LocationThe Hague, The Netherlands
Architect in ChargeEric Vreedenburgh
Project TeamCoen Bouwmeester, Niel Groeneveld, Jaap Baselmans, Guido Zeck
Construction EngineersBroersma - Pim Beeking
Text description provided by the architects. The harbour of Scheveningen was originally a fishing harbour. In the course of time fishery declined in importance and so did the companies. As a result, many old warehouses in the Second Harbour became redundant and are now due for demolition. At the same time, there is a large demand for building ground in this area. By renovating the warehouses and placing steel penthouses on their rooftops, the harbour is given a new lease of life.
These projects in Scheveningen led to the discussion about rooftop housing (sky borne buildings) in Europe. The themes developed here in connection with type, technology and impact on urban design were later elaborated in several other projects.
The Harbour View penthouse designed 14 years ago by Archipelontwerpers, was the first step towards rooftop housing. The point of reference for this design was the presence of several robust warehouses with steel cooling plants on the roof. A two-storey, lightweight steel penthouse has been constructed on top of a brick base consisting of two structures that face one another (the socle). The construction comprises a frame of hot-rolled sections with a lightweight panel filling.
The penthouse was to be used as a home/office and/or studio. These demands were frequently modified and expanded during the building process. The penthouse consists of a single space occupying both storeys. Rooms like the bathroom and bedroom can be partitioned off by means of sliding partitions. The demands were as follows: the residents must be able to look out from the bath over the empty space and see the sea, and once they were out of the bath they must be able to follow different routes through the house.
Essential for this penthouse are the spacious terraces on different levels and the double route afforded by the two staircases.
After the penthouse had been completed, Archipelontwerpers worked on the transformation of a number of warehouses that had been declared unusable and were due for demolition. Similar steel penthouses are placed on and above these warehouses (IJsvis, Nautilus and Rokerij). The Scheveningen harbour can thus become an example of stepping-stone urban planning.
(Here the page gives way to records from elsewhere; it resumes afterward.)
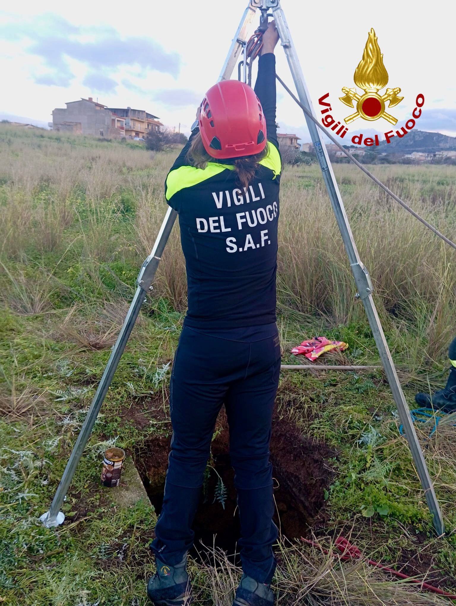 Cane caduto in un pozzo a Bagheria, salvato dai vigili del fuoco
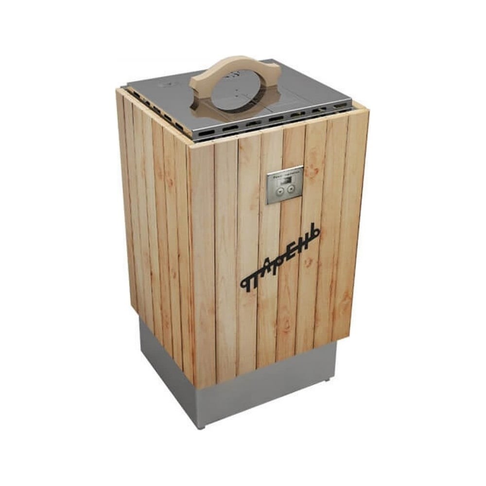 Электрический запарник для веника VVD Парень 0-1.5 кВт, 220 В, светлое дерево 9975 предназначен для единовременного запаривания и хранения в рабочем состоянии в течении всего сеанса парения от одного до четырех веников единовременно. При снятой крышке «Парень» может с успехом использоваться и как фитозапарное устройство при размещении в нем фитозапарного материала и как увлажнитель воздуха при «сухом» микроклимате в парильном помещении. Оборудован автоматической управляемой системой формирования внутреннего микроклимата в зависимости от количества, качества размещенного в нем материла и желания пользователя. Предусмотрена система частичного внутреннего, обратного конденсирования излишков генерируемого пара, что значительно увеличивает время непрерывной работы запарника на одной "заправке". Конструктивное исполнение устройства, применение термоизолирующих и пароизолирующих материалов - дерево, двойная крышка, силиконовая прокладка гарантируют травмобезопасность при прикосновении к металлическим частям. Дополнительные характеристики: Номинальная потребляемая мощность: 0-1.5 кВт; Рекомендуемое количество одновременно запариваемых веников: 1-4 шт.; Рекомендуемый номинальный ток защитного автомата: 10 А; Производительность (по расходу воды): 0-3 л/ч; Степени защиты: IPХ4.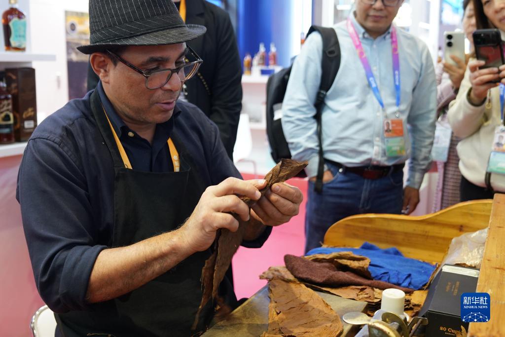 11月7日,展商在第六屆進(jìn)博會(huì )國家展古巴展臺為觀(guān)眾演示雪茄制作工藝。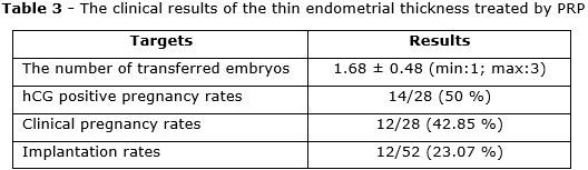 Table 1 presents that endometrial thickness of previous cycles was 5.6 ± 0.79 mm, embryo transferred cycles canceled due to thin endometrium were 3.43 ± 0.63. There were 23 patients with a history of abortion due to stillbirth and 5 patients with unknown causes.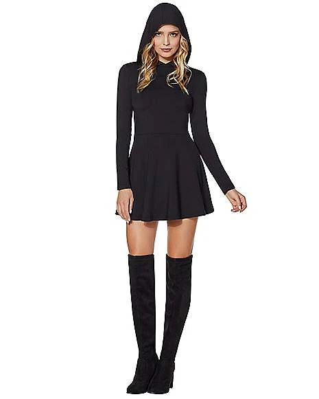 Create your very own Halloween look with this black hooded dress. You can turn yourself into a dark angel, a dark unicorn, or any other magical create you’d like! This comfortable dress is the perfect base for your perfect Halloween look.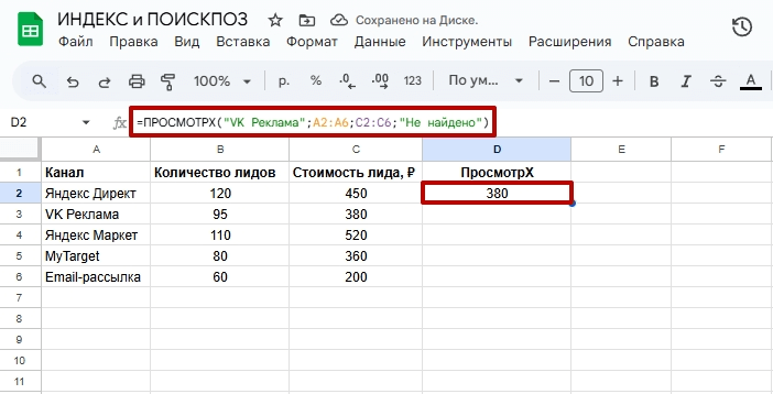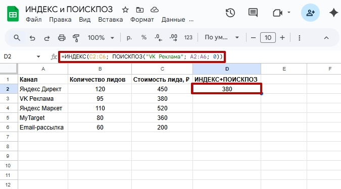 Функция ПОИСКПОЗ ищет строку, где написано «VK Реклама». В конкретном примере это вторая по счету строка. ИНДЕКС берет второе значение из столбца со стоимостью лидов. В итоге формула возвращает значение 380 ₽, стоимость лида по VK Рекламе.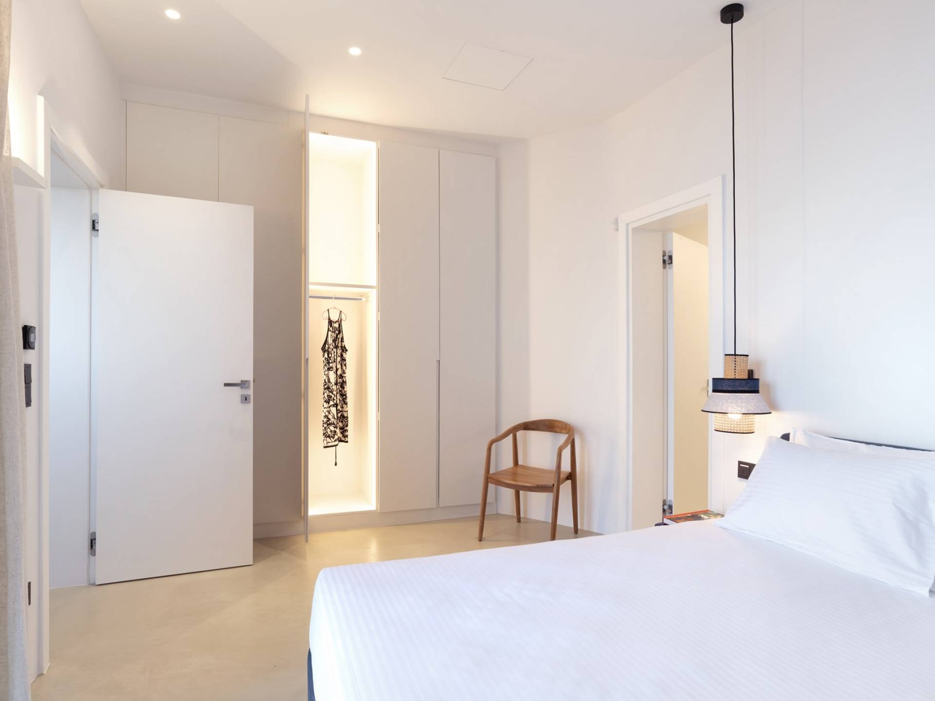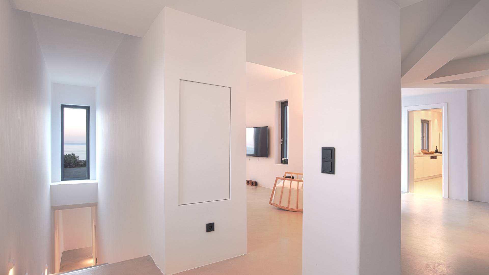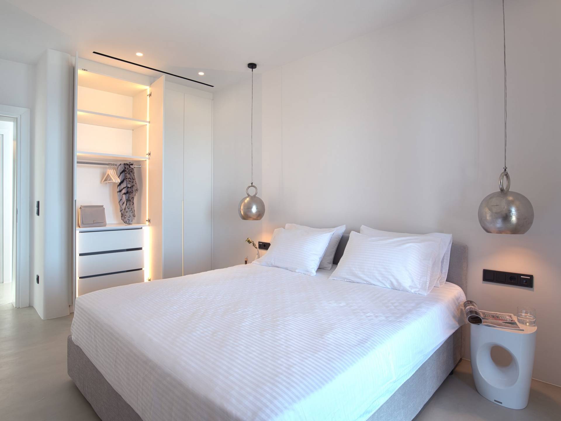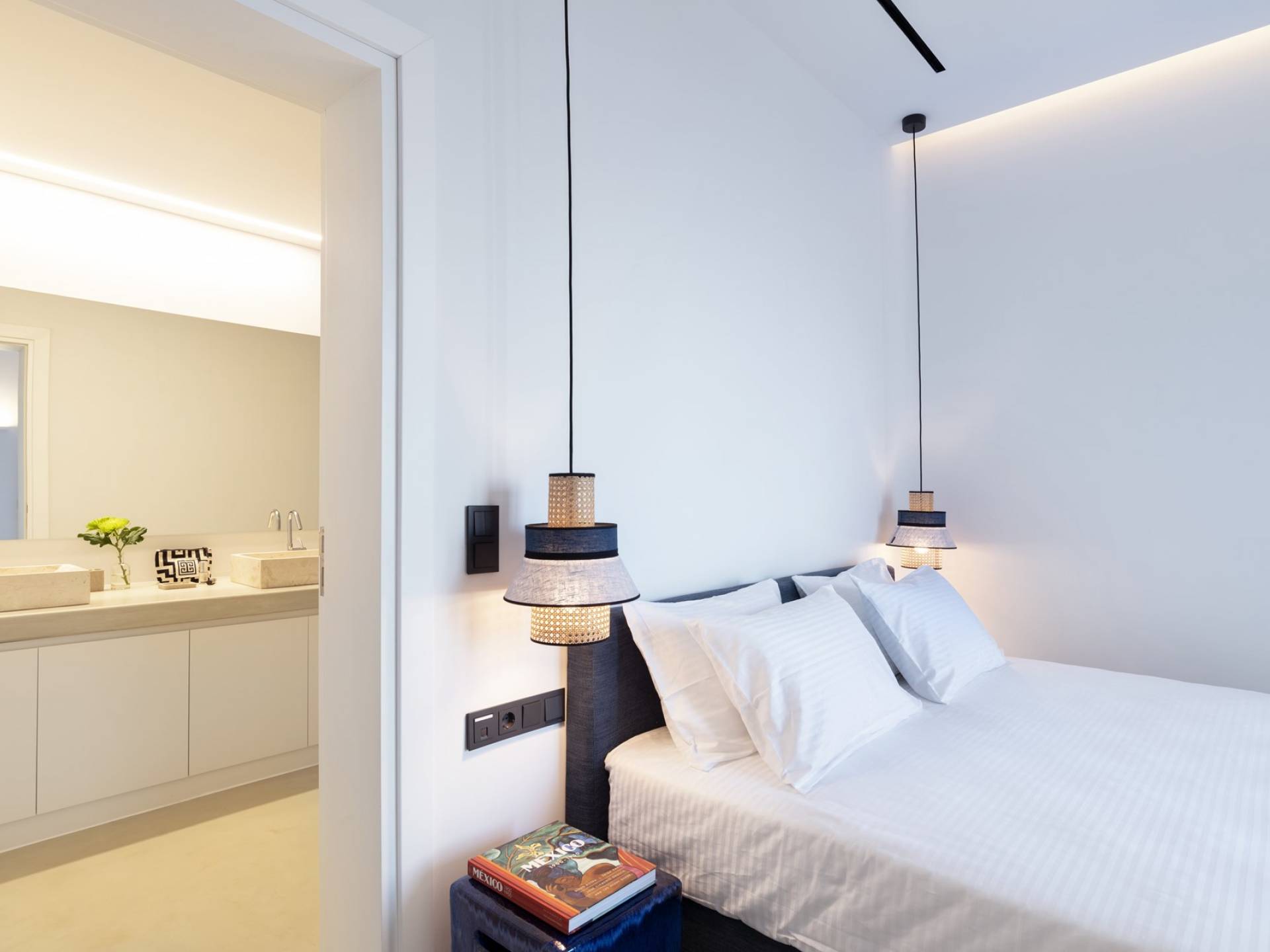 La iluminación oculta se usa para establecer el ambiente después de que se pone el sol. La sala de estar está equipada con piezas exclusivas cuidadosamente seleccionadas que tienen un propósito tanto funcional como decorativo. En el mismo concepto, las habitaciones están mínimamente decoradas con accesorios de iluminación llamativos y una pieza de diseñador aquí y allá para transmitir una habilidad especial para el diseño sin crear una distracción del ambiente tranquilo de la casa. Hay un dormitorio en suite en la planta baja y tres más en la planta baja, cada uno con su propio baño.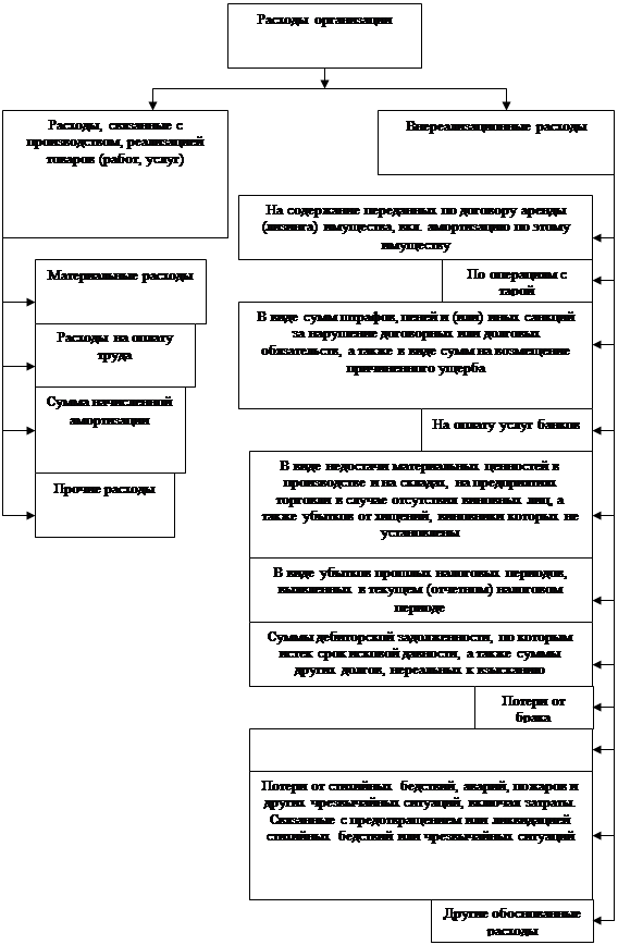 В целях налогообложения под расходами следует понимать любые обоснованные (экономически оправданные) и документально подтвержденные затраты, при условии, что они произведены для осуществления деятельности, направленной па получение дохода. В их составе будут выделяться расходы, снизанные с производством и реализацией товаров (работ, услуг), и внереализационные расходы (рис.2). В процессе доведения продукции от производителей до потребителей торговые организации совершают общественно-необходимые трудовые, материальные и денежные затраты, выступающие в форме издержек обращения. Издержки обращения имеют место везде, где происходит процесс товарного обращения[10. с.76].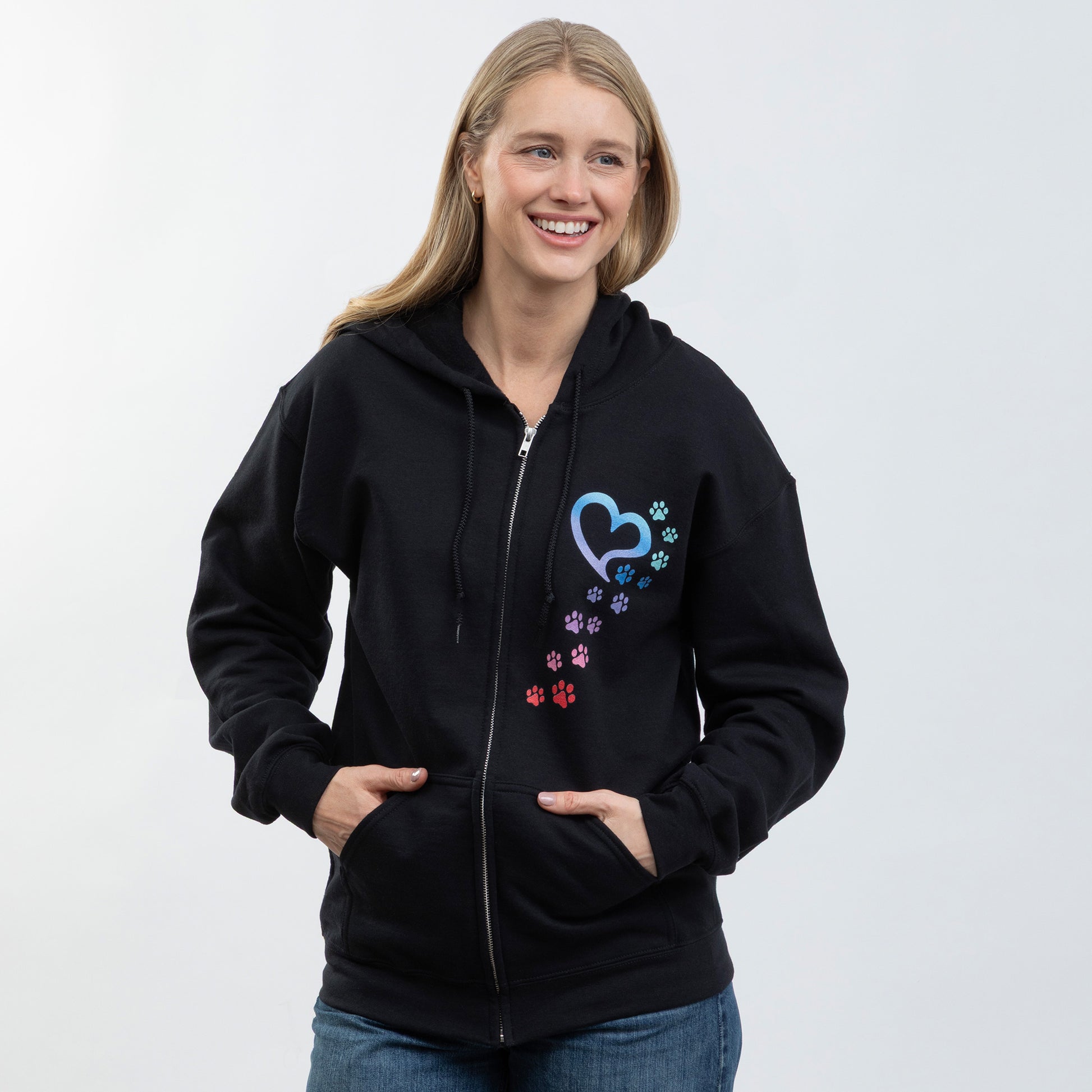 This cheerful rainbow paw print hooded sweatshirt with zipper, wraps you in ultra-soft fleece while adding a colorful pop of pet-lover charm to your day. With its sturdy metal zipper, color-matched drawstrings, and cozy feel inside and out, this heavy blend zip hoodie is made for effortless comfort. Deep front pockets keep your hands warm and your essentials close during every adventure, whether you're a proud dog mom, cat lover, or dedicated animal rescue supporter. Most of all, the vibrant paw design lets you show the world your big heart for animals—making it the perfect pet lover apparel gift for yourself or someone special.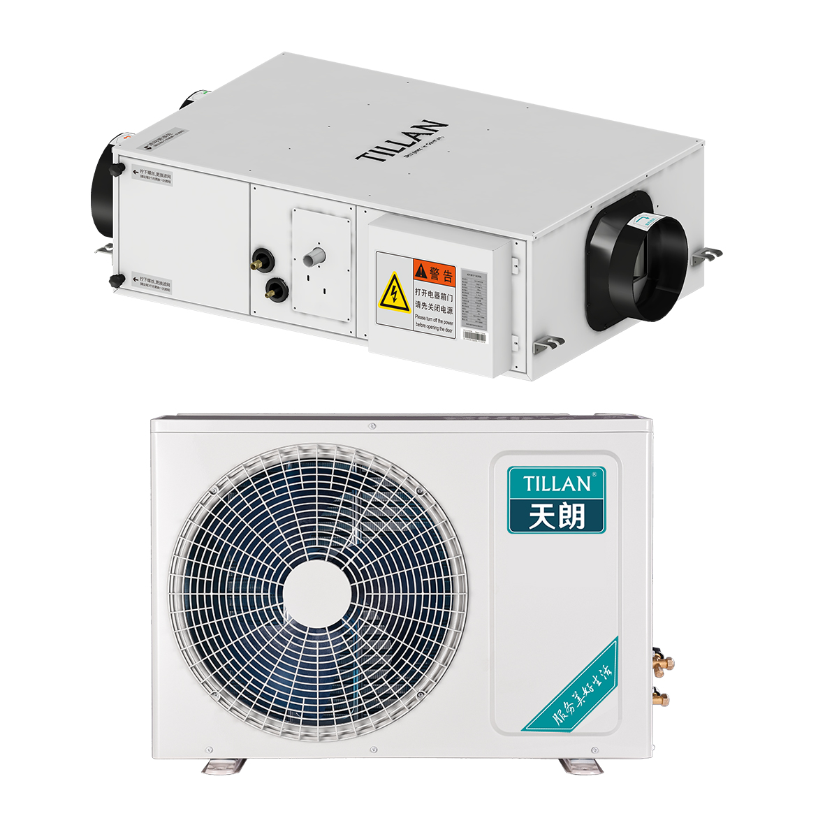全直流變頻分體雙冷源直膨空氣處理機(jī)(分體吊頂式) FXF8.6-D50/DSF1E5.2 | 【直流變頻雙轉(zhuǎn)子壓縮機(jī),額定送風(fēng)量500m3/h,新風(fēng)量0-500m3/h,機(jī)外余壓0-200pa,機(jī)組噪音:內(nèi)37dB(A)/外53dB(A),額定除濕量8.6L/h,額定功率1480W,最大功率1850W,機(jī)組重量:內(nèi)45kg/外35kg,R410a環(huán)保冷媒1.5kg,空氣側(cè)過濾器:G4+F9,標(biāo)配:冷凝水提升泵、空氣質(zhì)量傳感器,選配:內(nèi)置加濕模塊,內(nèi)機(jī)尺寸:900×600×285mm,外機(jī)尺寸:795×290×555mm】 | 配套≤150㎡五恒系統(tǒng) 或≤250㎡二聯(lián)供系統(tǒng) |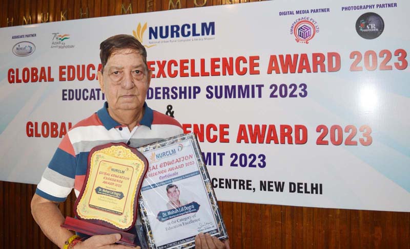 New Delhi, May 28: Dr. M.L. Dogra, an Indian theatre personality and scholar, of Jammu and Kashmir, UT known for bringing creative Dogri and Hindi theatre, awareness through folk media, lyrical Musical plays internationally, was awarded “Global Education Excellence Award & Global Star Excellence Award 2023 ” for his achievements and contribution in Computer and Music Education by the Global National Urban Rural computer literacy & Skill Development mission at India International Cultural centre ,New Delhi supported by MSME & Ministry of Cooperate Affairs Government of India.

The principle on which the stepping-stone strategy is based involves two aspects: 1) the formulation/identification of the theme, and 2) the transformation of the theme. It is thus not the case that themes are closed systems, like a Lego box, in which the explicit rules of play have to be taken into account in the search for variants. The reverse is in fact the case. Because various similarities are introduced into diverse projects, and are also identified as such at a certain moment, a particular theme emerges as a pattern. This theme then serves as the starting-point for new variants.
All variants also include many non-thematic aspects, variants and specific solutions, and repetition of these leads to sub themes. The themes evolve thanks to these transformations. These aspects of emergence and evolution are the major difference in approach between Bernard Tschumi’s follies for Parc de la Villette in Paris – here the red follies could be configured precisely on the green grass within the blueprint of strict rules of play – and the façades that Palladio designed for three churches beside the Canale della Giudecca in sixteenth-century Venice.
The three façades are not identical, but in orientation and in composition, colour and material they have a lot in common.
It was above Palladio’s approach that was the reference for Archipelontwerpers in developing the stepping-stone strategy in Scheveningen. It was not until after they had received commissions from two different clients, followed after a while by a third, to design penthouses on top of an old warehouse that the opportunity spontaneously arose of playing a game of references, by which a certain theme was introduced, though all of this took place without the explicit formulation of any rules beforehand. So the stepping-stone strategy is a game of references under construction rather than a developed system within which the rules of play have to be followed. Given the specific (technical) properties of every raised ground level and the at times highly personal preferences regarding the rooftop home, such tight rules would be undesirable.